According to the rules for car insurance in France, all vehicles must be insured, even if they are not in use. Vehicle insurance policies are either third-party au tiers, the legal minimum; third-party fire and theft au tiers illimité or tiers complet; or comprehensive cover tous risques. With the comprehensive cover, however, always check the small print for exclusions.
Cost of insurance in France
The cost of your policy depends on your accident and claims record bonus-malus so, if you can, ask your previous insurer for documentary proof of your record. If you were last insured in the UK, your last renewal notice or a photocopy of your contract should be sufficient.
Proof of insurance is a little green tear off section that comes with your proof of coverage – carte verte – that must be clearly fixed to the windscreen of your vehicle. You will receive the carte verte when you take out a policy.
You are legally required to always carry the documentation proving that your vehicle is insured. So, along with your vehicle registration papers, you need to have your attestation d’assurance. Also needed is un constat amiable d’accident, an accident report sheet that you fill out in the event of an accident.
It is advisable not to leave these papers in the glove compartment. If the vehicle is stolen, or something happens to it while you are not there, and you cannot produce the documents for any reason, your insurer may not be required to honour the contract.
Who can drive your car?
Insurance in France tends to cover the vehicle – unlike in some countries like the UK, for example, where is covers the driver only – so make sure regular drivers are named in the insurance policy. Some policies contain restrictions as to whom may borrow the car, even temporarily. Even if it allows for third party drivers, there will be some restrictions according to age and frequency of use by other drivers. These are likely to be contained through ‘excesses’ that apply to other persons’ damages if the driver is under 25 years old or has less than three years driving experience.
If you are using your vehicle for work, you will need to declare this – especially important if this includes driving people around. As the risk is considered to be greater, your premium will be higher.
Motorbikes are treated similarly to cars, although there isn’t a no-claim bonus for mopeds.
What happens if you have a car accident in France?
If you have an accident, the first thing you need to do is fill out – in English if your French is not up to it – the accident report form. You need to give your insurance details and details of the accident – this does not apportion blame, just the facts. The constat amiable d’accident must then be signed by both yourself and the other party involved. It is a carbon copy sheet, and both parties send their copy back to their respective insurer to establish responsibility. If you do not understand what has been written by the other party do not sign the form as anything signed is taken as evidence.
The constat amiable is also available in electronic format, through the ‘e-constat’ app that you can download on your mobile device.
If two cars are involved, use either your constat amiable d’accident or that of the other party – only one form needs to be filled out. If more than two cars are involved, a separate form should be completed with each party.
If a driver refuses to sign the form, make a note of the vehicle registration number and take the details of any witnesses or police officers.

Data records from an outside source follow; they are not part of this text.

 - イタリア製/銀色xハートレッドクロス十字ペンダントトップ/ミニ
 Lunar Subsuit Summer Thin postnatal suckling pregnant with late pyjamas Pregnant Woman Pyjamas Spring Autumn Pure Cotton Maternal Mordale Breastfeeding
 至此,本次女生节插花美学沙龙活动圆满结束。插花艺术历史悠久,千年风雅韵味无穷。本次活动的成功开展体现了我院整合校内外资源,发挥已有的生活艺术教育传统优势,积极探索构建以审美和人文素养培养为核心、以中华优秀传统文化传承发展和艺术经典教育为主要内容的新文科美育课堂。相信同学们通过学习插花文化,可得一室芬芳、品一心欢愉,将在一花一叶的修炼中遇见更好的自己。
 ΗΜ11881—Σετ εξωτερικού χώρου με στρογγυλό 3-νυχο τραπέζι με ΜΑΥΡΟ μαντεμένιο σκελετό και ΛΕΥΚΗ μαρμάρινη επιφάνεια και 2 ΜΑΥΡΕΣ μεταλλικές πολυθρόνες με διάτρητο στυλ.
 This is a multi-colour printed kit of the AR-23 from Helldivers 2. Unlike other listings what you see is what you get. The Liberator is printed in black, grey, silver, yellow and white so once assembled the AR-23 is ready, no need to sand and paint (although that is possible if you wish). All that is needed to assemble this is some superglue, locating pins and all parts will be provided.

Once the form has been filled in, you have five days to return it to your insurer. If neither you or the other driver has a constat available then the report can be done by letter and sent to the respective insurance companies within five days. They will then analyse the evidence to assign responsibility.
French car insurance carries a no-claims bonus system. Some drivers offer to pay directly for damage they cause so as to avoid an increase in the cost of their policy. If you decide to accept such an offer, still fill in the constat amiable for back-up protection in case the other party defaults on the deal.

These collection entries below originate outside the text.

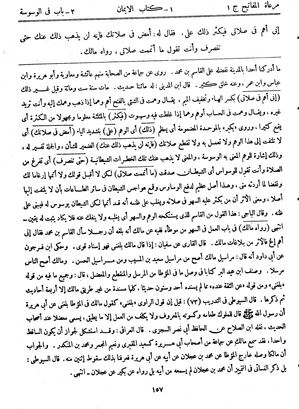 ما أدركنا أحداً بالمدينة نفضله على القاسم بن محمد. روى عن جماعة من الصحابة منهم عائشة ومعاوية وأبوهريرة وابن عباس وابن عمر، وعنه خلق كثير. قال ابن المديني: له مائتا حديث. مات سنة ستة ومائة وقيل غير ذلك (إني أهم في صلاتي) بكسر الهاء وتخفيف الميم، يقال: وهمت في الشيء بالفتح أهم وهمًا إذا ذهب وهمك إليه وأنت تريد غيره، ويقال: وهمت في الحساب أوهم وهمًا إذا غلطت فيه وسهوت (فيكثر) بالمثلثة معلومًا ومجهولاً من الكثرة أي يقع كثيراً، وروي "يكبر" بالموحدة المضمومة أي يعظم (ذلك) أي الوهم (على) بتشديد الياء (أمض في صلاتك) أي لا تلتفت إلى هذا الوهم ولا تعمل به ولا تقطع صلاتك (فإنه لن يذهب ذلك عنك) الضمير للشأن، والجملة تفسير له، وذلك إشارة للوهم المعنى به الوسوسة، والمعني لا يذهب عنك تلك الخطرات الشيطانية (حتى تنصرف) أي تفرغ من الصلاة وأنت تقول للوسواس أي الشيطان صدقت (ما أتممت صلاتي) لكن لا أقبل قولك ولا أتمها إرغاماً لك ونقضاً لما أردته مني، وهذا أصل عظيم لدفع الوساوس وقمع هواجس الشيطان في سائر الطاعات، بأن لا يلتفت إليها أصلاً، ومعنى الأثر أن من يكثر عليه السهو في صلاته ويغلب على ظنه أنه قد أتمها لكن الشيطان يوسوس له فيبني على ظنه. وقال الباجي: هذا القول من القاسم للذي يستنكحه الوهم والسهو أي يغلبه ولا ينفك عنه فلا يكاد يثبت له يقين - انتهى. (رواه مالك) في باب العمل في السهو من موطئه ففيه عن مالك أنه بلغه أن رجلاً سأل القاسم بن محمد فقال إني أهم ... الخ، فالأثر من بلاغات مالك. قال القاري عن سفيان: إذا قال مالك بلغني فهو إسناد قوي. وحكى ابن فرحون عن أبي داود أنه قال: مراسيل مالك أصح من مراسيل سعيد بن المسيب ومن مراسيل الحسن. ومالك أصح الناس مرسلاً. وصنف ابن عبد البر كتاباً في وصل ما في الموطأ من المرسل والمنقطع والمعضل، قال: وجميع ما فيه من قوله "بلغني" ومن قوله "عن الثقة عنده" مما لم يسنده أحد وستون حديثاً، كلها مسندة من غير طريق مالك إلا أربعة أحاديث ثم ذكرها. قال السيوطي في التدريب (73) : قيل إن قول الراوي "بلغني" كقول مالك في الموطأ بلغني عن أبي هريرة أن رسول الله - صلى الله عليه وسلم - قال: ((للملوك طعامه وكسوته بالمعروف، ولا يكلف من العمل إلا ما يطبق)) ، يسمى معضلاً عند أصحاب الحديث، نقله ابن الصلاح عن الحافظ أبي نصر السجزى. قال العراقي: وقد استشكل لجواز أن يكون الساقط وأحداً، فقد سمع مالك عن جماعة من أصحاب أبي هريرة كسعيد المقبري ونعيم المجمر ومحمد بن المنكدر. والجواب أن مالكاً وصله خارج الموطأ عن محمد بن عجلان عن أبيه عن أبي هريرة، فعرفنا بذلك سقوط اثنين منه. قال السيوطي: بل ذكر النسائي في التمييز أن محمد بن عجلان لم يسمعه من أبيه، بل رواه عن بكير عن عجلان - انتهى.
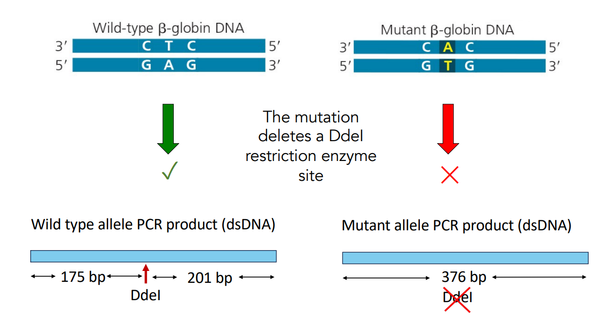Interpreting Results: Detecting Changes in Restriction Sites (PCR-RFLP) Example of a Loss of a restriction site: Sickle Cell Anemia
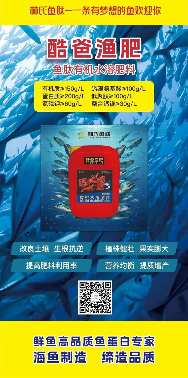 使用林氏魚肽海魚魚漿畝用2公斤,魚肽葉面肥稀釋1000倍葉面噴施。

Cancelling or changing providers
In France the process of cancelling your policy is quite formal, although it has relaxed a little compared to previous years. To cancel your insurance you must send the company a formal letter of cancellation résiliation by registered post. After the first year has elapsed, however, you can cancel at any time by mail, telephone, or email, and the new insurance company can even act on your behalf on the formalities of cancelling the existing policy.
Vehicle insurance for non-residents
If you do not live in France full-time you can use your existing insurance company but there are a few things to keep in mind. Check if your insurer will only cover third party while your foreign registered car is in France. It is advisable to extend your cover to full comprehensive. Also look into breakdown insurance as many companies offer packages with English-speaking assistance. As well as road-side assistance, other issues to consider include replacement parts and whether the costs of getting your car back home. should it be required.
Another option is a Green Card which is a legal document issued by car insurance companies and recognised within the EU. Although it is nota requirement to have one it is advisable to ask your car insurance company for one – you can never have too much documentation in France! There may be a small charge for this – it depends on the company.
A second car in France
If you have a second car in France it must have at least third party insurance and you must inform your insurance company when it is off the road. However, your insurance payments will continue during this time.